Inveresk Roman Fort is an archaeological site within the grounds of St Michael's Church, Inveresk, a village in East Lothian, Scotland.

Fort 
The fort covered an area of 6.6 acres (2.7 ha), placing it at the larger end of the spectrum of fort sizes. For this reason, the original excavator, Ian Richmond, believed that a cavalry regiment had been stationed here. In 2007 a Roman tombstone was found at nearby Carberry depicting a Roman Governor's guard cavalry trooper named "Crescens" who was perhaps residing at the fort when he died.

Occupation 
All of the datable artefacts point to Antonine occupation. Consequently, the fort is thought to have been established in the immediate aftermath of the invasion of Scotland launched by the emperor Antoninus Pius in AD 139/140. Two clear phases of occupation were identified archaeologically, perhaps occasioned by a change of garrison during the Antonine period. The fort will have been abandoned, along with the other Scottish sites, around AD 160, when Hadrian's Wall was recommissioned.

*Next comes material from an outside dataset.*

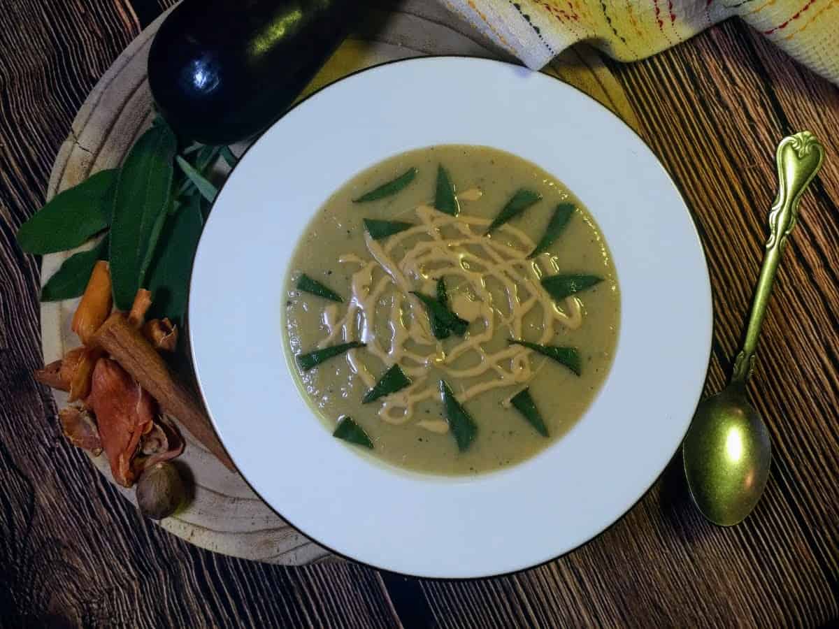 - Pour the soup into bowls, drizzle tahini, sprinkle chopped sage, and serve with croutons or bread.

A substantial civil settlement (vicus) lay outside the east rampart of the fort, and included a curving structure thought to be an amphitheatre.

Archaeology 
Several seasons of excavation since 1946, both major and minor, have established the outline of the fort and recovered some of the interior detail.

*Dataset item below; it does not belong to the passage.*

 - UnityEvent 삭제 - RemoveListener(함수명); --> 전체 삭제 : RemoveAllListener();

Excavations in 2004 by Headland Archaeology as part of work to renew the water mains in the village, found Roman artefacts and possible a boundary ditch and evidence of the vicus.

In 2010, CFA Archaeology undertook excavations, as part of a planning condition in advance of the construction of the  Musselburgh Primary Health Care Centre, on an area 50m to the north and down slope of the fort. Those excavations reveled a Mesolithic stone tool scatter and Iron Age burials that pre-dated the fort. Those burials were date to 50 BC – AD 130, just before the fort was built. Isotope analysis showed that the individuals were all local to the Musselburgh area.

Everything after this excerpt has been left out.